Trams in Pabianice are operated by MPK Łódź Sp. z o.o. They consist of a single line and are connected, through Ksawerów, to the Łódź tram network, forming its part.

==Line==
' (Łódź) – (Ksawerów) – Warszawska – Stary Rynek – Zamkowa – Łaska – Wiejska

==History==
The Łódź–Pabianice line was opened in early 1901. It was built and operated by Łódzkie Wąskotorowe Elektryczne Koleje Dojazdowe (Łódź Narrow-gauge Electric Commuter Railways). The line was technically compatible with the Łódź trams network (same gauge and electrification system), allowing interrunning, but the two were not connected, passengers had to change at interchange stops located near the city limits. The line was worked by large-capacity, 4-axle motor coaches.

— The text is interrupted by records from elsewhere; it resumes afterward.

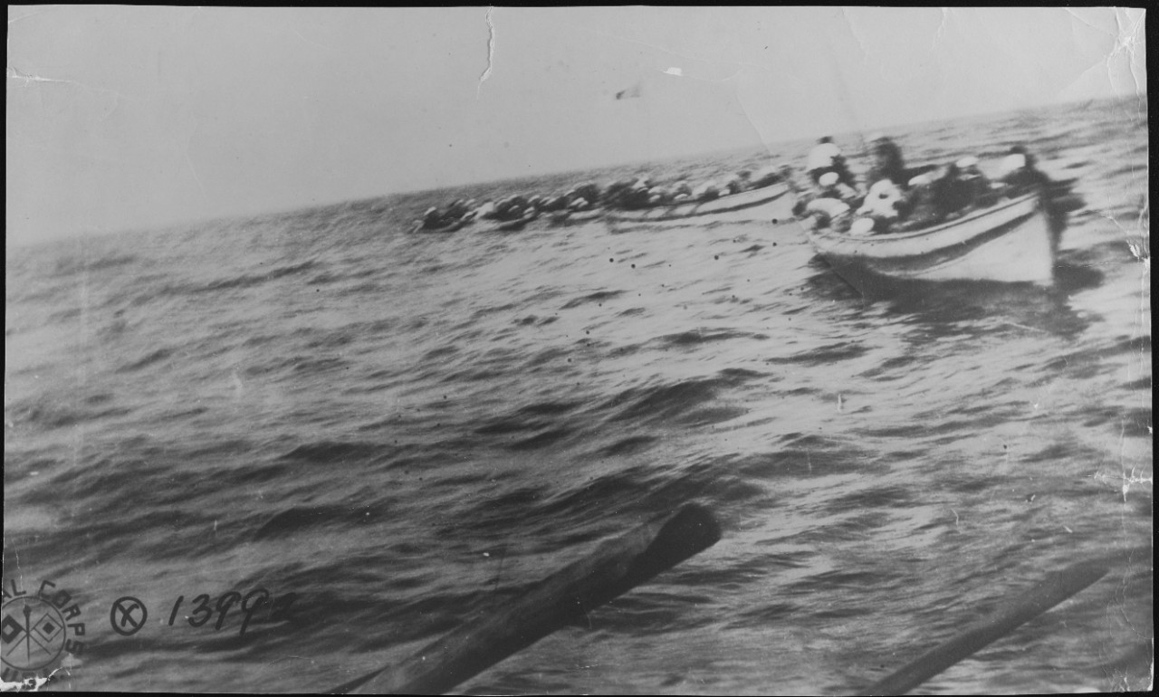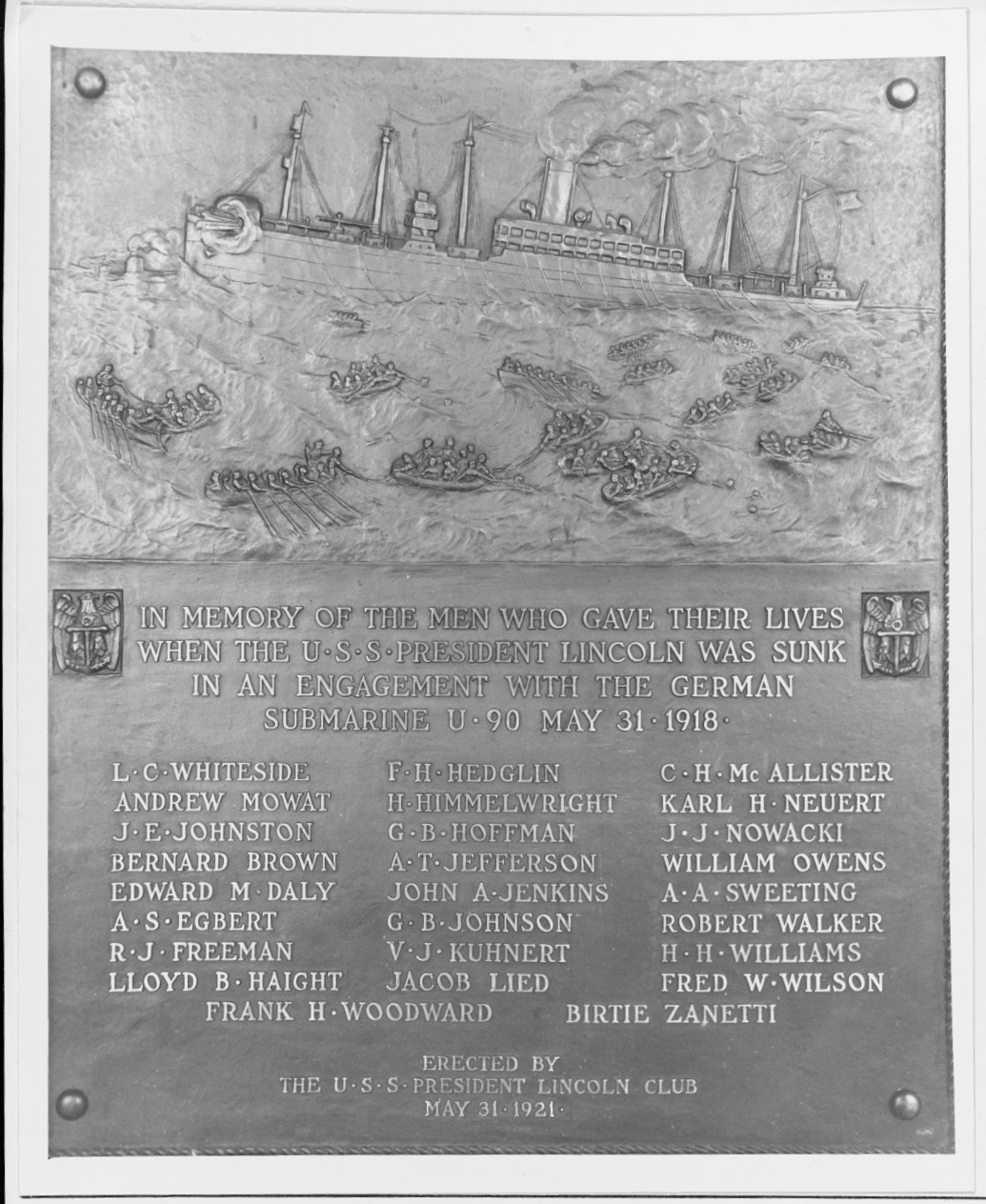 At sundown on 30 May 1918, having passed through the so-called “danger zone” of submarine activity, the destroyers left the convoy to proceed alone. At about 09:00 on 31 May 1918, the President Lincoln was struck by three torpedoes from the German submarine U-90, and sank about 20 minutes later. Of the 715 people aboard, 26 men were lost with the ship, and a Lieutenant Edouard Izac was taken aboard U–90 as prisoner. Survivors were rescued from lifeboats late that night by destroyers Warrington and Smith. They were taken to France, arriving at Brest on 2 June.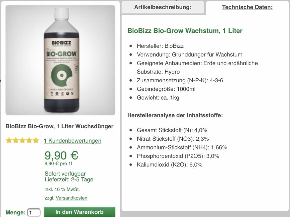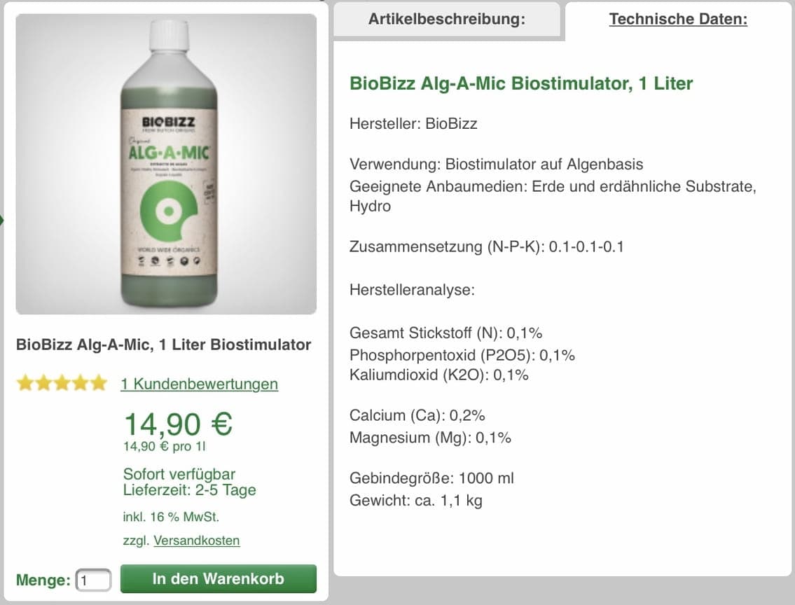 Habe hier auch noch ein Probefläschchen von Plagron's Green Sensation (lol, schon allein der Name!:D). Aber zumindest ist das wohl richtiger Dünger. Bevor's verkommt schütte ich es dazu, so wie die Lieben im Moment futtern wird es sicher nichts schaden.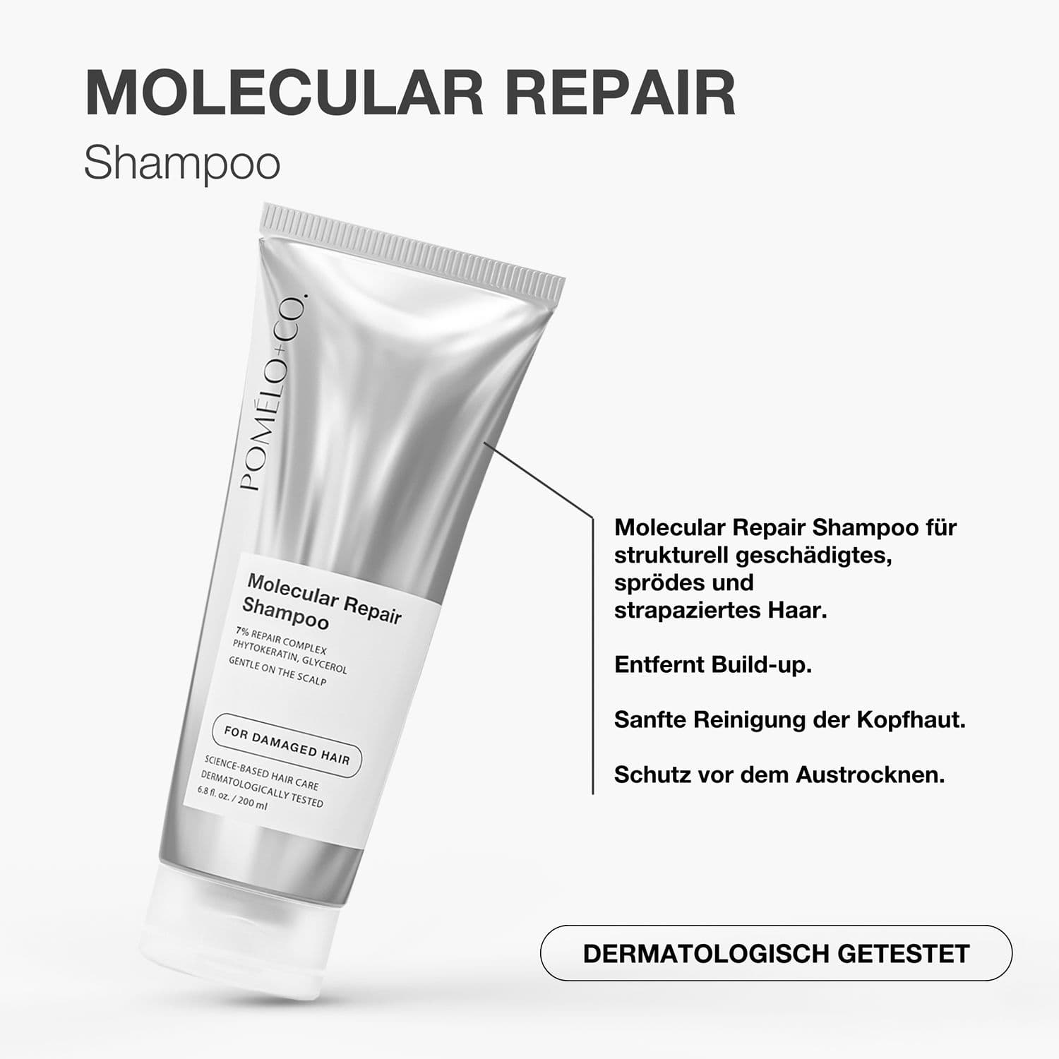 | Anwendungshinweis | Eine kleine Menge auf die Kopfhaut und den Haaransatz einmassieren, kurz einwirken lassen und anschließend gründlich ausspülen. Anschließend Molecular Repair Conditioner verwenden. |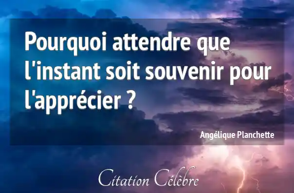 Pourquoi attendre que l'instant soit souvenir pour l'apprécier ?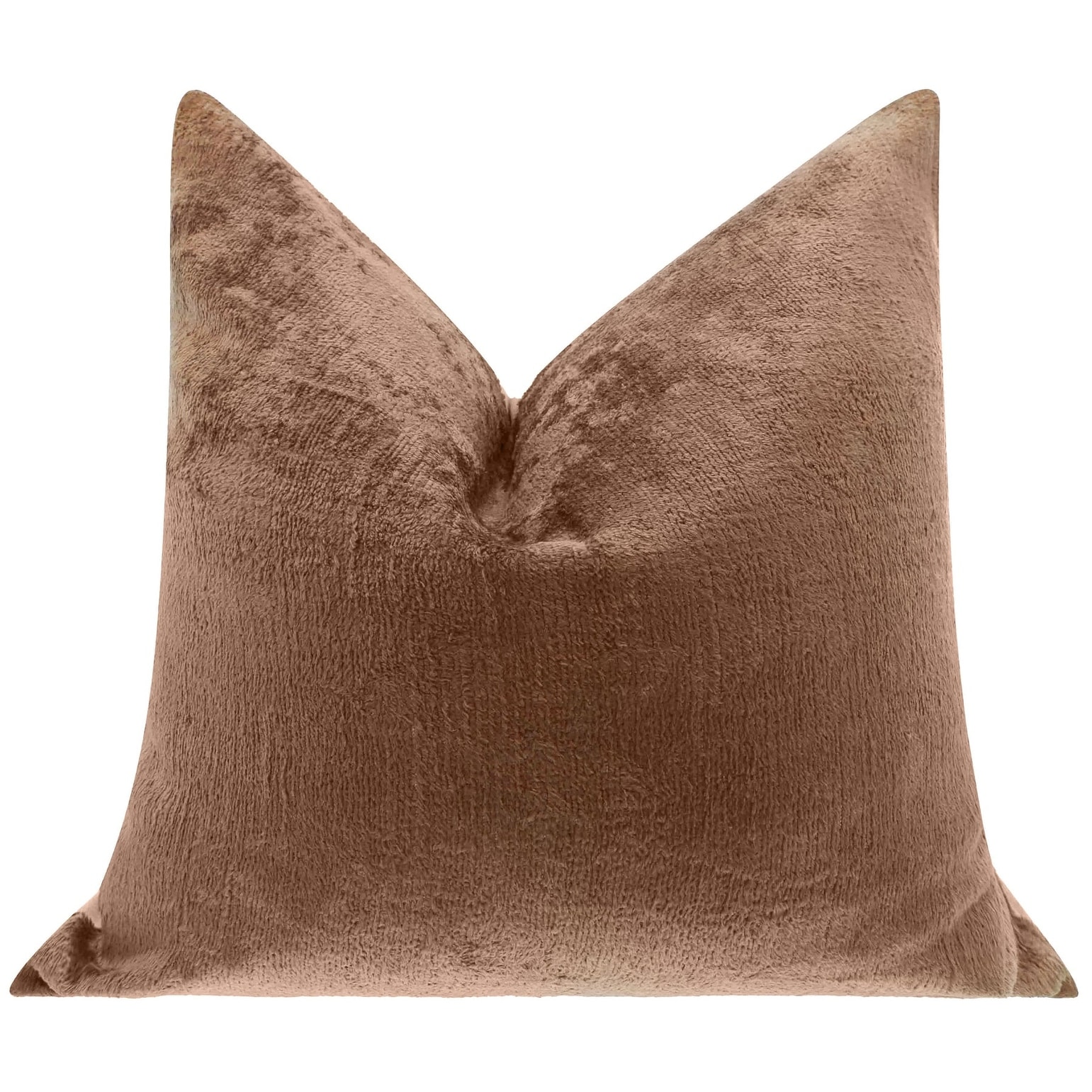 Solid Brown Silk Velvet Throw Pillow - 20x20 with Insert - 20" x 20"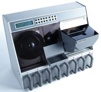 Counting and sorting all 8 UK coins at up to 700 per minute and a small desktop footprint makes the Scancoin SC22 a popular and reliable performer for all businesses and organisations taking coins in volume.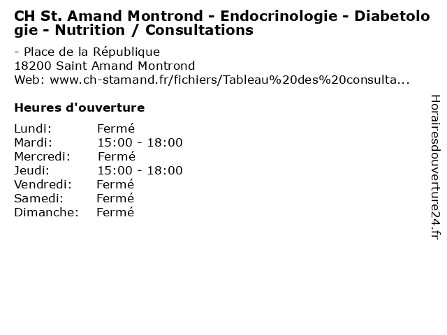 1 CH St. Amand Montrond - Endocrinologie - Diabetologie - Nutrition / Consultations (Distance: 0,86 km) 44 Avenue Jean Jaurès, 18200 Saint Amand Montrond amand, bureau, ch, consultation, consultations, diabetologie, dr, endocrinologie, maladie, med, montrond, médecin, médecine, nutrition, pratique, st., thérapie, traitement 2 CH St. Amand Montrond - Endocrinologie - Diabetologie - Nutrition / Consultations (Distance: 0,92 km) - Rue de La Fontaine Saint Martin, 18200 Saint Amand Montrond amand, bureau, ch, consultation, consultations, diabetologie, dr, endocrinologie, maladie, med, montrond, médecin, médecine, nutrition, pratique, st., thérapie, traitement 3 CH St. Amand Montrond - Endocrinologie - Diabetologie - Nutrition / Consultations (Distance: 1,38 km) - Rue de la Croix Duchet, 18200 Saint Amand Montrond amand, bureau, ch, consultation, consultations, diabetologie, dr, endocrinologie, maladie, med, montrond, médecin, médecine, nutrition, pratique, st., thérapie, traitement 4 CH St. Amand Montrond - Endocrinologie - Diabetologie - Nutrition / Consultations (Distance: 1,51 km) 11 Avenue de la Gare, 18200 Orval amand, bureau, ch, consultation, consultations, diabetologie, dr, endocrinologie, maladie, med, montrond, médecin, médecine, nutrition, pratique, st., thérapie, traitement 5 CH St. Amand Montrond - Cardiologie / Consultations (Distance: 0,00 km) - Place de la République, 18200 Saint Amand Montrond amand, bureau, cardiologie, ch, consultation, consultations, dr, maladie, med, montrond, médecin, médecine, pratique, st., thérapie, traitement 6 CH St. Amand Montrond - Cardiologie / Echocardiographies (Distance: 0,00 km) - Place de la République, 18200 Saint Amand Montrond amand, bureau, cardiologie, ch, consultation, dr, echocardiographies, maladie, med, montrond, médecin, médecine, pratique, st., thérapie, traitement |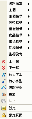 4.在畫面上按滑鼠右鍵,會出現功能選單,可以切換資料頻率、主圖類型、副圖類型等項目。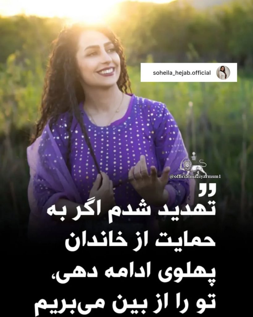 خانم سهیلا حجاب، وکیل و فعال مشروطه خواه:”به اطلاع می‌رسانم که طی روزهای اخیر توسط برخی افراد وابسته به استقلال طلبان و عامیانه بگویم جریانات تجزیه‌طلب در منطقه کردستان مورد تهدید جانی قرار گرفته‌ام. تهدیدها به‌صراحت شامل جملاتی بوده از قبیل اینکه «اگر به حمایت از خاندان پهلوی ادامه دهی، سرت را بیخ تا بیخ می‌بُریم».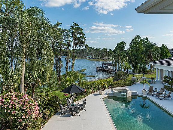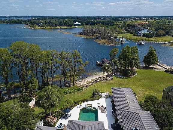 Experience Butler Chain living at its finest in this stunning Akers custom home, situated on a quiet cove of Lake Butler, within the gated community of Chaine du Lac! This home is filled with recent updates, such as a newly resurfaced pool, fresh paint throughout, refinished wood floors, and so much more! The stately curb appeal of this 6 bedroom, 6/2 bathroom, 8,887 sqft home sets high expectations as you make your way past the 4-car garage and courtyard-like driveway up to the custom wood doors with gorgeous glass inlays. Upon entering the home, you are sure to be impressed by the awe-inspiring 22' ceilings and picturesque views of the extensive pool area and shimmering lake. Ideal for entertaining, the formal living room features a grand gas fireplace, floor to ceiling windows, coffered ceiling, French doors leading to the covered lanai, and a spiral staircase leading to the 2nd floor billiard room. Open to the living room is the formal dining room framed by gorgeous columns and handmade plaster crown molding. A complete Butler's pantry connects the dining room to the renovated chef's kitchen, which boasts wood faced appliances, metal tile backsplash, granite counters, solid wood Busby cabinets, double wall ovens and a large center island with Dacor cooktop and crystal chandelier. Off of the kitchen is the dinette with a built-in work desk, a staircase leading to the second floor bedrooms, and the family room with wood paneled ceiling and an abundance of natural light through French doors leading to the pool patio. As expected within a true split floor plan, the first-floor master's retreat is located across the home through double doors just off the formal living room. The spacious master provides a quiet place to escape with a separate sitting room, a wet bar with a mini fridge, a massive walk-in closet with custom shelving, and a spa-like master bath with Egyptian tile flooring, whirlpool tub, separate walk-in shower, and custom dual sink vanity that provides plenty of storage space. From the master, French doors lead out to the oversized patio with a sparkling swimming pool, full summer kitchen with bar, covered outdoor dining room, and a grand stone stair case down to the rolling lawn that leads to your very own covered dock and boat lift. Staying true to the luxury lifestyle, the home offers a separate guest cottage, a home theater above the garage, and built-in floor safe within an oversized cedar-lined walk-in storage closet. Additional features include an executive office with custom Busby built-in cabinetry and beautiful wood ceiling detail, multiple walk-out balconies, second floor billiards room with stone wood-burning fireplace, custom built bar, and half bath; gas generator that powers the guest cottage, kitchen, and summer kitchen refrigerators; Icynene spray foam insulation with radiant barrier, and lightning rod protection system, to name a few... Conveniently located with easy access to the FL-429 for a quick drive to Downtown Orlando, both IOA and the Orlando Executive airport, and just minutes from Winter Garden Village, top attractions, and top-rated schools - this home encompasses the Windermere lakefront lifestyle!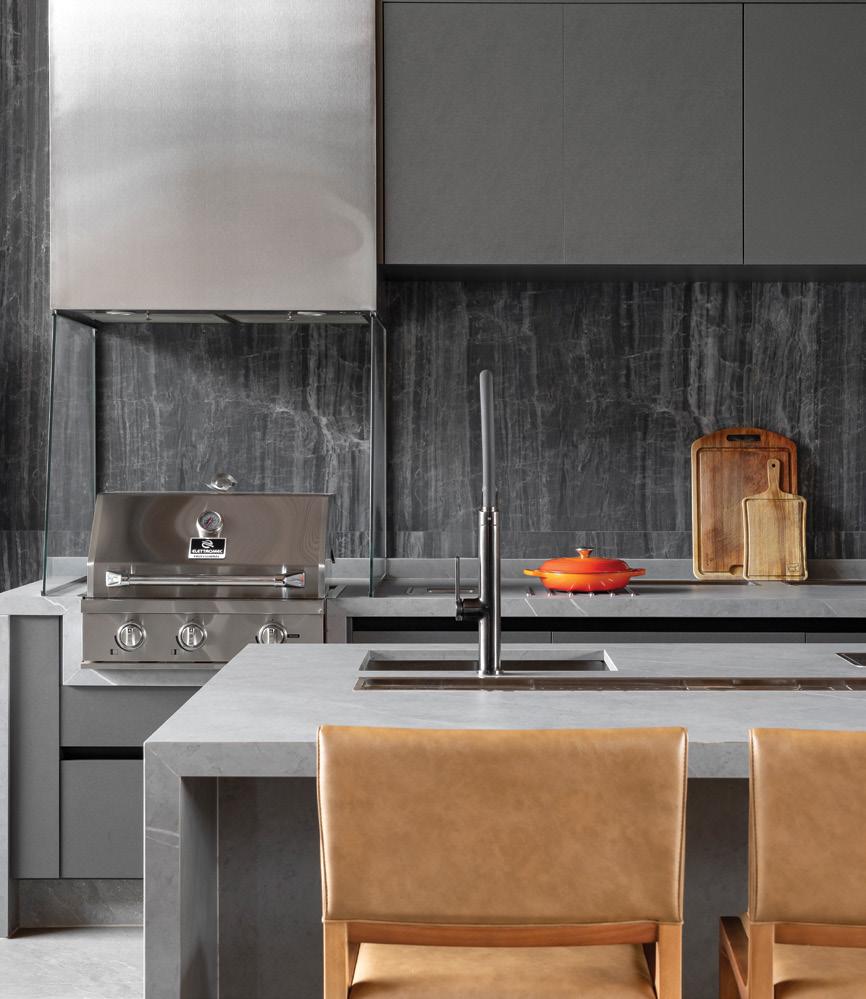Um mármore preto enriquecido por veios brancos e um brilho sutil, não só eleva a estética de qualquer espaço, mas também encapsula a essência de um estilo contemporâneo que captura e cativa todos que o veem. Personalidade e um toque de modernidade resumem bem este lançamento.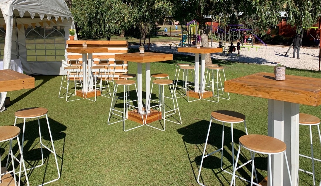 Our range includes bar tables and stools, cafe tables and stools, bench seats, coffee tables, 3.6m or 1.8m bar….. and the collection is growing!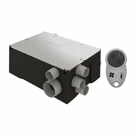 Le nombre de pièces de votre lieu de vie va impliquer une certaine quantité de piquages, ce qui signifie les évacutations au départ du plénum, afin d’en relier un maximum ; le modèle VMC double flux Primocosy HR BP SRI Commande télécommande radio en possède de 8.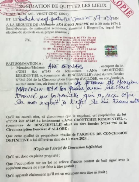 Le doyen d’âge de notre génération Tchagba au pouvoir, Aké Akré Gervais ne faisant pas partie de la chefferie a par exemple été sommé par un acquéreur possédant un ACD de quitter son lot qui lui avait été attribué.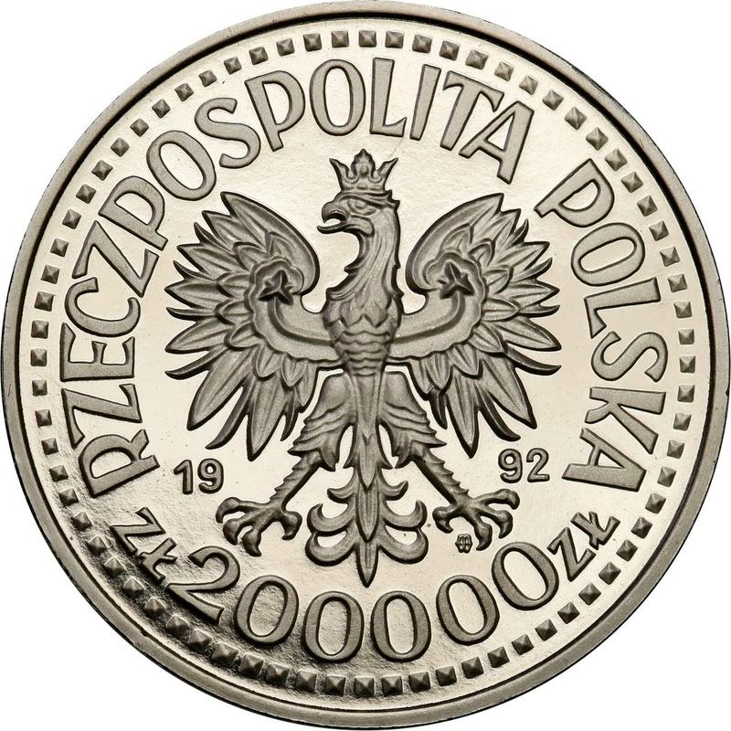 According to the latest data as of December 5, 2025 the average price of a coin 200000 Zlotych 1992 "Ladislas III of Varna" with mark MW ET, Nickel is 180 USD for regular strike and 200 USD for coins minted using the PROOF technology. The coin is made of non-precious metal, so in poor condition it may have extremely low value and liquidity.

In 1948 both the companies owning and operating the city and suburban tram networks were nationalised and Łódź became responsible for the public tram transport in the area.

In the early 1970s the last suburban motor coaches were withdrawn from service, since then the line was worked by the tramcars also used on the city network.

Political and economic changes after 1989 meant that a new approach to financing and running the public communication was necessary. The city became responsible for the public transport within the city limits, whereas the surrounding cities were expected to finance, and reach an agreement with the operator about, running the tram communication in their territories. Two cities – Ozorków i Zgierz – together with Łódź founded Międzygminna Komunikacja Tramwajowa Spółka z o.o. (Inter-gmina Tram Communication Ltd.) that became the operator of, among others, the Pabianice line. On 1 January 2004 MPK Łódź took over the operation of the line.

The condition of the line became progressively worse to the point that it was necessary to suspend the running of trams and perform a complete rebuild of it. Works started in early December 2019 and has been completed 1 July 2023.